Local hockey community needs to get its tourney back

‘Tis the day after Christmas, and all through the rink, not a high school hockey player was stirring, and that kind of makes you think:
Why?
For the first time in 14 years, there’s no Conway Arena Hockey Tournament for the holiday season in Nashua.
And that is a real shame.
Instead of the puck dropping for a few games all morning and afternoon, the Nashua High School North-Souhegan and South-Pelham teams, as well as Merrimack, are boarding their respective busses and treking off to Keene and its new arena, Keene ICE.
As if they’ve been naughty, not nice. Or at least it feels that way.
The reasons? Well, it depends on who you talk to. Now, to be fair, yours truly could see this coming. The tournament had gotten too out of hand, too confusing. To make eight teams, the Bedford JV team was a participant the last two years. Often it was hard to figure out who would make the finals. Four days, as it was a year ago, was simply too much.
Some teams weren’t happy with the officiating, including tourney staple Coventry (R.I.) High School of Rhode Island. Two years ago Alvirne coaches were fuming (two different regimes), and last year Matt Simpson got penalized and had to sit out a game.
But, for all its shortcomings, the tourney seemed to bring some money into the hockey community, with program advertising, etc. It was good boost for the South program, which, whether with Pelham or not, pulled off a couple of tourney titles. Look up some of the comments after last year’s tourney and the feeling was the event had new life and was ready to continue.
Ouch.
Yet the plug was pulled, due to what Nashua Athletic Director Lisa Gringras termed “lack of interest.” You have to also figure that Conway Arena likely would stand to make more money with public skates, etc. rather than donate ice time.
But many in the local hockey community feels the sheet of ice was pulled out from under them, and while respecting the athletic department and Gingras, disagree with the notion there wasn’t much interest.
“We have a committee (small army) of passionate parents who were ready to team up and run everything for the tournament (selling ads for the program, running the clock/50-50/penalty boxes, etc.),” South-Pelham hockey parent Jason Foss said, adding that some community fund raisers, etc. would have also given the event a boost.
Gingras also cited a tough time getting teams to commit, etc. Ironically, Keene won the Conway title a year ago.
But, as one member of the hockey community, “Why are we all going to Keene when we have our own rink and can have our own tournament here?”
“I’m pretty disappointed,” South-Pelham Kings coach Shawn Connors said. “But I am happy we are (still) in a tournament, either way. It could be worse I guess.
“We’ve already been talking about figuring out what we’ve got to do next year to get it back.”
That process needs to start early. It starts with lobbying the rink and the athletic department to bring the event back. With that, evidence that the there is support for it, especially organizational support, is key.
Third is a plan, which we’ll be glad to provide.
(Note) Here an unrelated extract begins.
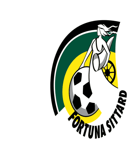 Fortuna Sittard football club logo featuring a stylized woman holding a soccer ball, set against a green and yellow background.

We say keep it simple, and go no more than three days, six teams: North-Souhegan, South-Pelham, Merrimack, Alvirne-Milford to start. Either go with Division III’s Hollis Brookline-Derryfield and Pembroke-Campbell as the other two, or invite two out-of-state or at least out of the area teams.
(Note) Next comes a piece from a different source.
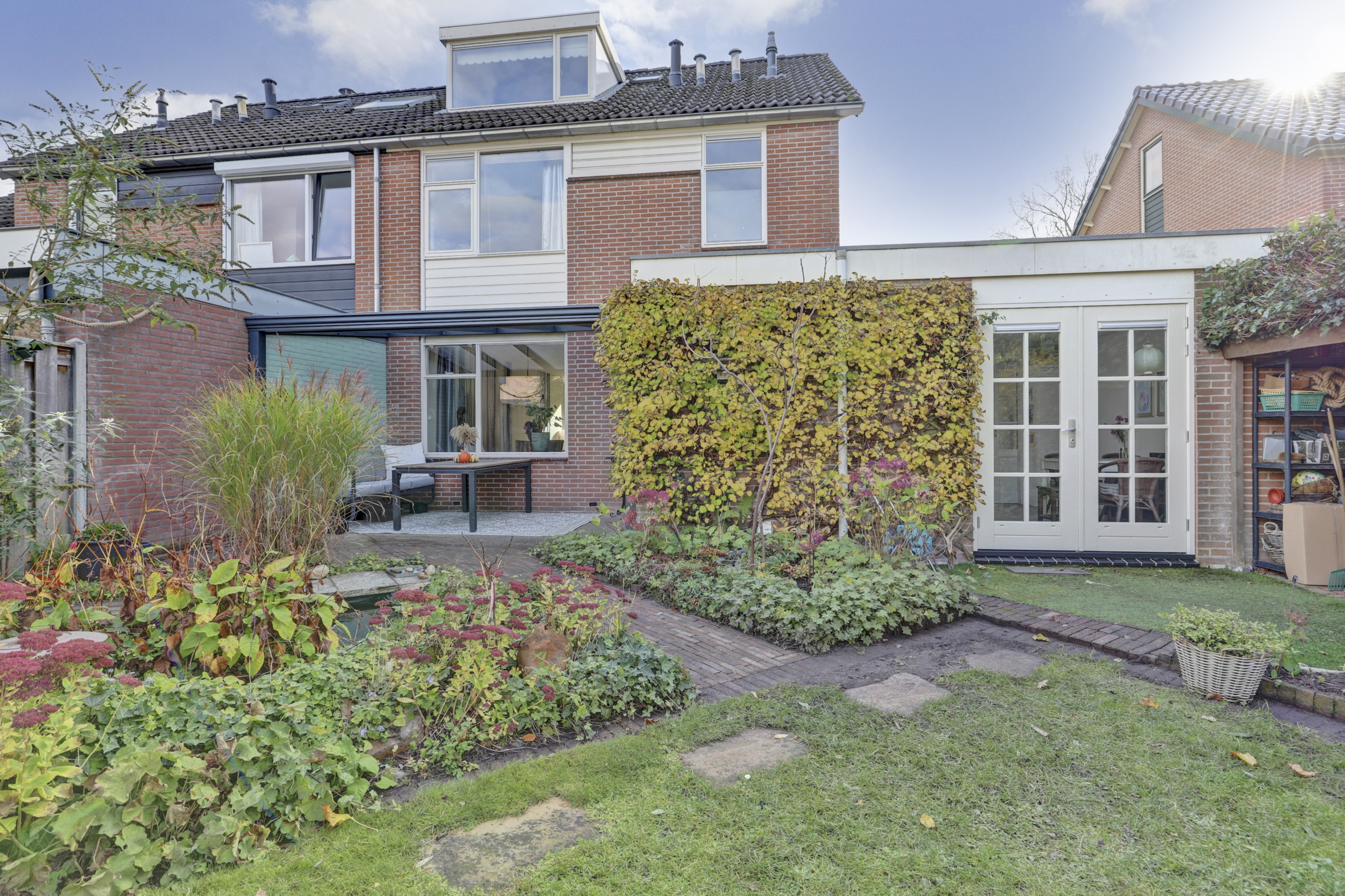 De achtertuin is ca. 20 meter diep en 10 meter breed. Het is een plek waar je het hele jaar door van kunt genieten. Diep, groen en met volop privacy: hier hoor je alleen de vogels. De ligging op het noordwesten zorgt voor zon in de middag en avond, maar ook voor fijne schaduwplekken tijdens warme dagen.

Have the North and South co-ops get a bye into the semis.
Day One: You have the other four teams compete in the first round quarterfinals. Winners go to the semis vs. the Nashua teams.
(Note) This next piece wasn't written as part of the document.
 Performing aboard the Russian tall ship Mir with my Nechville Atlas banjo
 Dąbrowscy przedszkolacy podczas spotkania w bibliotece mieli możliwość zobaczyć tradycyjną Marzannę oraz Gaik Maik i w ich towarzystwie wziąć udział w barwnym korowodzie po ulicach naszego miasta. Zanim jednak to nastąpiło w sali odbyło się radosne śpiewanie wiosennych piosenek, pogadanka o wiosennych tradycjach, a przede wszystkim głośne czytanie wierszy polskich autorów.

Day Two: Three games in all: Semis, and a fifth place game between the first day’s losing teams.
Day Three: Two games. Semifinal winners in the finals, naturally, and a third place consolation game.
Ties? Five minutes of 3 on 3, then if nothing decided, a three-frame shootout.
No muss, no fuss.
The numbers are good for the two Nashua co-op teams, so good in fact there is a combined JV squad. Not having a holiday tournement sends the wrong message that the sport is heading in the wrong direction when apparently it isn’t.
But, the hockey community has to realize,high school athletic directors generally view the sport as a pain. It’s an expensive item on their budgets, and when you end up having to co-op with other schools, they feel the bang for the buck just isn’t there. Thus, the hockey community needs as strong a presence as possible, just about everywhere.
In any event, let Keene get teams from its own area. Keep the locals here.
Work on that, hockey community, and let’s hope next year you can be home for the holidays.